Legal stories you may have missed over Christmas

mardi 3 janvier 2017

The Telegraph led over the Christmas period with Theresa May’s plans to pull out of the European Convention on Human Rights.

The report, which cited a ‘senior government source’, said the prime minister would put her withdrawal plans at the heart of her 2020 general election campaign, once Brexit is completed.

May’s plans reportedly go further than those drawn up by her predecessor David Cameron and will give the Supreme Court the final say over how the rights are applied.

The Mirror reported the Magistrates’ Association’s fears over moves to allow more people to plead guilty to crimes online.

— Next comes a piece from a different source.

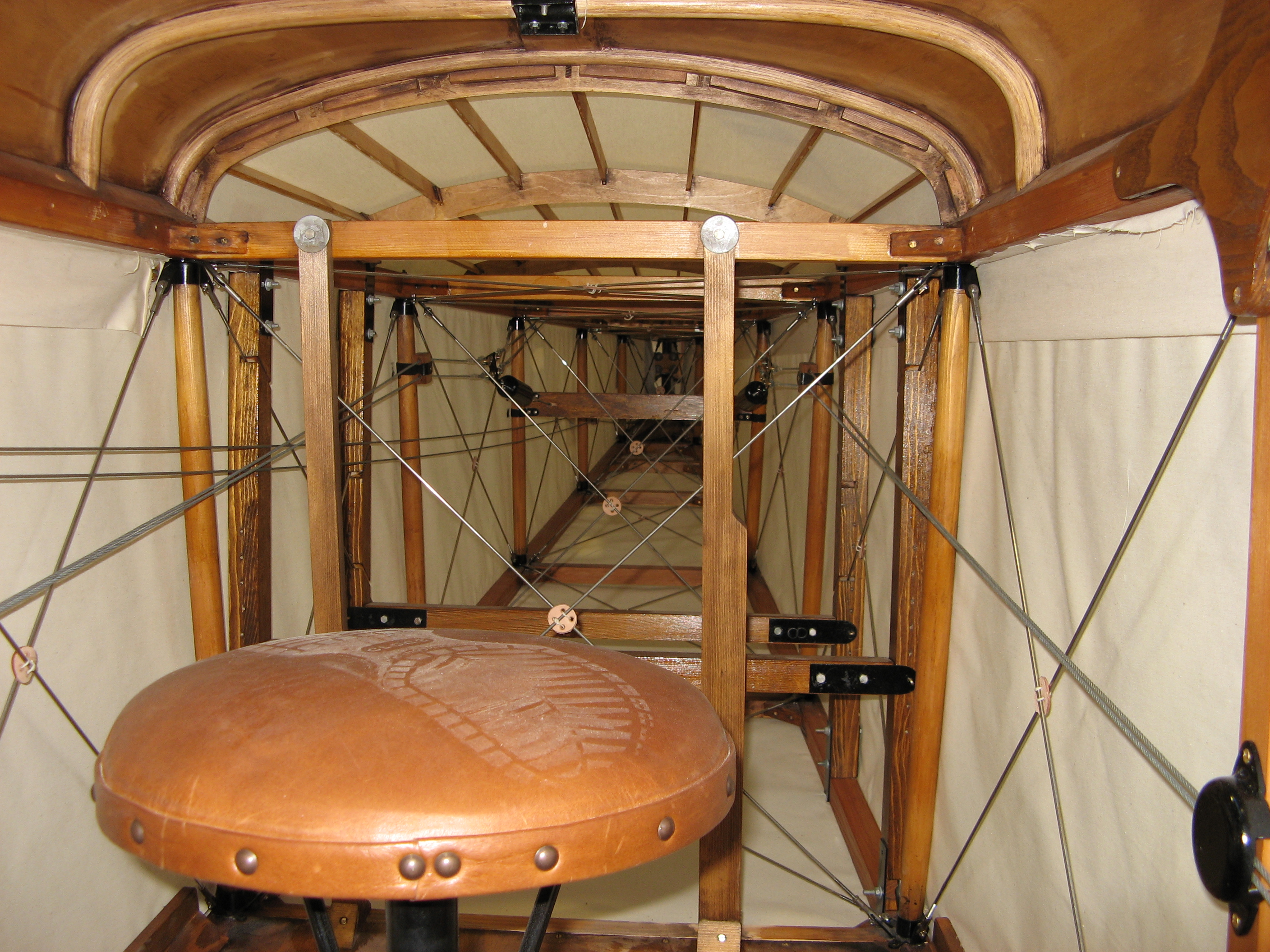View looking aft inside fuselage showing wire bracing linen covering and gunners seat.

The Ministry of Justice plans would cover crimes with no identifiable victim, such as fare-dodging, some traffic offences and fishing without a licence.

Association chair Malcolm Richardson said there was concern at the principle of handing entire criminal cases without the involvement of independent judicial decision-makers.

The Daily Mail’s claim that lawyers ‘raked in’ £32.2bn turnover in 2016 was not well received in the legal profession.

The paper said money made by lawyers has shot up by nearly a quarter in five years, and conflated these increases with protests against legal aid cuts. Dr David Green, director of the Civitas thinktank, was quoted as saying the legal profession has ‘lost its way morally’.

On Twitter, @BarristerSecret listed 10 ways in which the article was wrong, while justice select committee chair Bob Neill described it as a ‘mendacious piece of “journalism”’.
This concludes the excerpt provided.